Task instructions – Working from the records below, repeat exactly the lines starting at the line that contains "Pat box spring" and ending at the line that contains "Используя метод электронного", inclusive.

Supplied records –
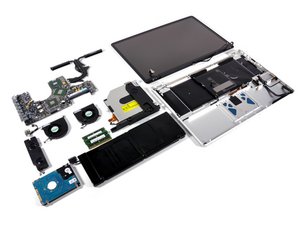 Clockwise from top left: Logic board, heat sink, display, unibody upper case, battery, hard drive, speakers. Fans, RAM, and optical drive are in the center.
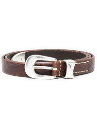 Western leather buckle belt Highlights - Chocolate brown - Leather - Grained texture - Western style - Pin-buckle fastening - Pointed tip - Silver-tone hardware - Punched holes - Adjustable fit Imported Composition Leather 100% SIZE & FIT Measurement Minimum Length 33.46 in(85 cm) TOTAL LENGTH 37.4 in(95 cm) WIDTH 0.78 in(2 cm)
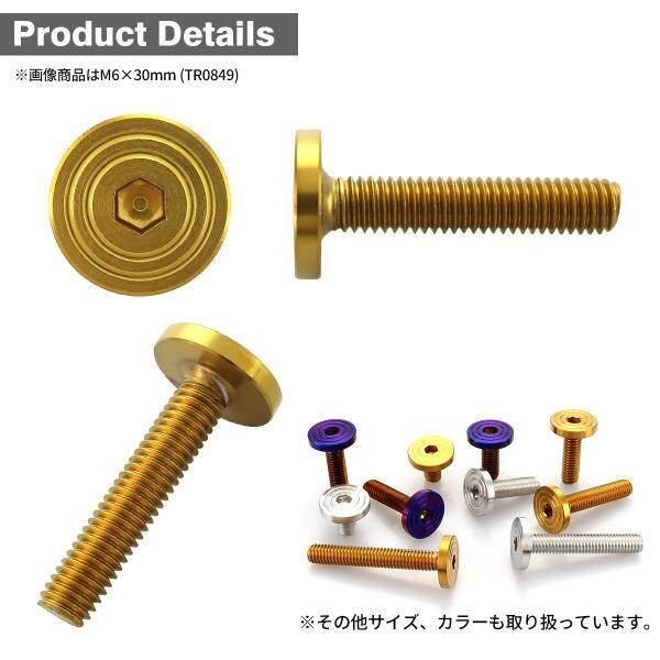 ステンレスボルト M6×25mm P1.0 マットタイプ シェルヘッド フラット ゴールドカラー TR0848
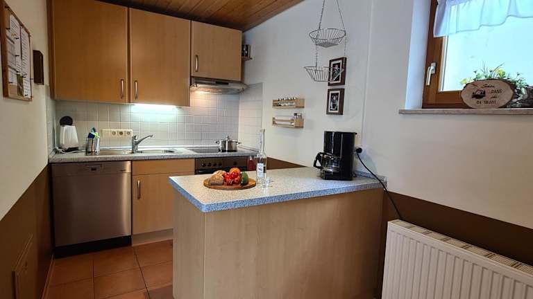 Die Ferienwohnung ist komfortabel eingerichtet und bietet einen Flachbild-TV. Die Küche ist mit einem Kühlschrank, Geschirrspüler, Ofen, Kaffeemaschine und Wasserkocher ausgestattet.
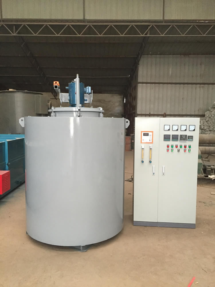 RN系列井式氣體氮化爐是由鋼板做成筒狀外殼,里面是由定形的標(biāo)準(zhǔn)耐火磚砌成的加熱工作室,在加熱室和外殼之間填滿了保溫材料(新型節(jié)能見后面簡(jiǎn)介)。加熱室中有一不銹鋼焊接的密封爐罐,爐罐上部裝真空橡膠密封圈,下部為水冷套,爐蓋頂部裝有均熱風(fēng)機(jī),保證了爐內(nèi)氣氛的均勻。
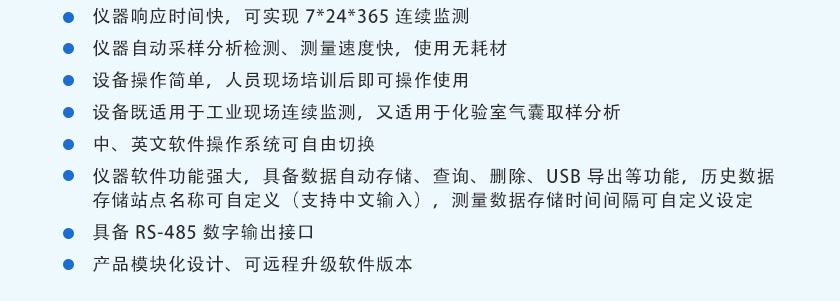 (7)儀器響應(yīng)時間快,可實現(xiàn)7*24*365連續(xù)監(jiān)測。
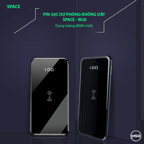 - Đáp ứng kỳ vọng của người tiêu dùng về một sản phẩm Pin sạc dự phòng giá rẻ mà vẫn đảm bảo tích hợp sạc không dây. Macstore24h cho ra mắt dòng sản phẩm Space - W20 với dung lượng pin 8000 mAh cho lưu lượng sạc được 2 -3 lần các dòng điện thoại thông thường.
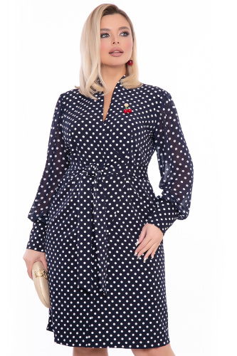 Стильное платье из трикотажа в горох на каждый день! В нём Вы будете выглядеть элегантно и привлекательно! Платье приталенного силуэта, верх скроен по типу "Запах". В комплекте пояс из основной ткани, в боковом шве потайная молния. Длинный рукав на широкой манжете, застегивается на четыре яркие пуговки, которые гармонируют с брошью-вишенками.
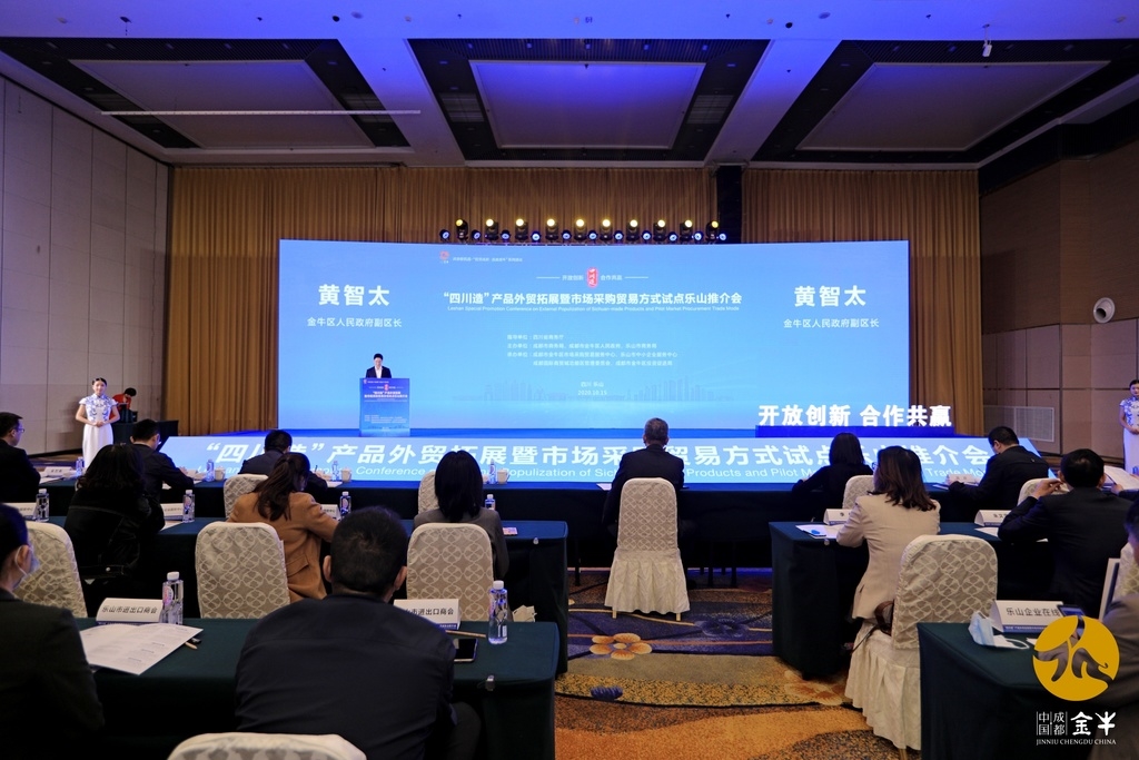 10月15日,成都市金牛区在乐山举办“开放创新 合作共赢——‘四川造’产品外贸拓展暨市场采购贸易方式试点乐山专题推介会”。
--
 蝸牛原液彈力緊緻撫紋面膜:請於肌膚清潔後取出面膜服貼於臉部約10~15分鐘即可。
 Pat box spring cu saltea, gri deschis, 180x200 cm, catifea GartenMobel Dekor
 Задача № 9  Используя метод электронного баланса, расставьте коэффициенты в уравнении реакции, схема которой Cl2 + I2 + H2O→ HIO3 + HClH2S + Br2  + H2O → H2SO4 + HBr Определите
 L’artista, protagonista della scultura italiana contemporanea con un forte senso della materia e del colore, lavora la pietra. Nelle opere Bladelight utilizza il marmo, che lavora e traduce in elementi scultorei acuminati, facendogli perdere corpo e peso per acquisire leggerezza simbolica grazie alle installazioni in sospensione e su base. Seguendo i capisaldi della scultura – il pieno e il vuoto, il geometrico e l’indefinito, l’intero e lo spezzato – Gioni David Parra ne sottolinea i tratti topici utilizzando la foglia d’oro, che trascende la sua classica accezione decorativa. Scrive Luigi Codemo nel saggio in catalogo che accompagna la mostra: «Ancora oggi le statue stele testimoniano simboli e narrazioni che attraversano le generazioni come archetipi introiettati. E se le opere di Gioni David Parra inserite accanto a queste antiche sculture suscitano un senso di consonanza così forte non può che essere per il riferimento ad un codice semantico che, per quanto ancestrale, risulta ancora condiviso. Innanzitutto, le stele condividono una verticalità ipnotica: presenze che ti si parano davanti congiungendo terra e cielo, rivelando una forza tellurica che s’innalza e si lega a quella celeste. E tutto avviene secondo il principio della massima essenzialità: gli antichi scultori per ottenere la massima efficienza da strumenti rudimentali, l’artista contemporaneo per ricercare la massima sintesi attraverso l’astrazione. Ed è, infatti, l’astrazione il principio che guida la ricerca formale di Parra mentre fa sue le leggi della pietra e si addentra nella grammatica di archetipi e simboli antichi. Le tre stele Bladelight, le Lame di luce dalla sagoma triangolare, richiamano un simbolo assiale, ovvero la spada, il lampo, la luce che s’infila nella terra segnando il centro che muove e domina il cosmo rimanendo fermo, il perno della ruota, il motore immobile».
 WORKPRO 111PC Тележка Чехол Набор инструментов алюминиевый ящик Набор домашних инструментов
==
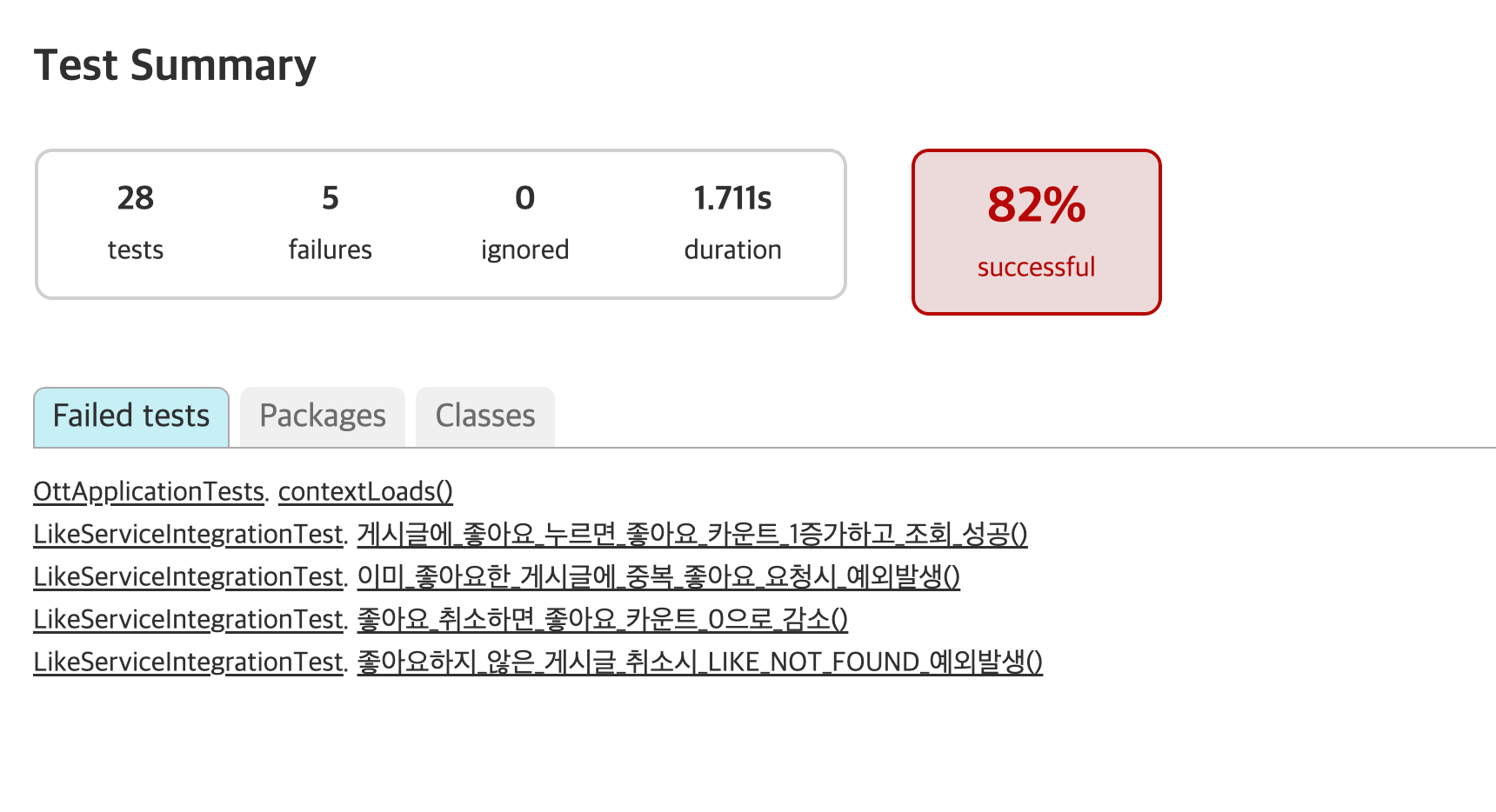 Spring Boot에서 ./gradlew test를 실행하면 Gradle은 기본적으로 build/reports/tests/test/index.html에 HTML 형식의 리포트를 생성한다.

Exercise solution –
 Pat box spring cu saltea, gri deschis, 180x200 cm, catifea GartenMobel Dekor
 Задача № 9  Используя метод электронного баланса, расставьте коэффициенты в уравнении реакции, схема которой Cl2 + I2 + H2O→ HIO3 + HClH2S + Br2  + H2O → H2SO4 + HBr Определите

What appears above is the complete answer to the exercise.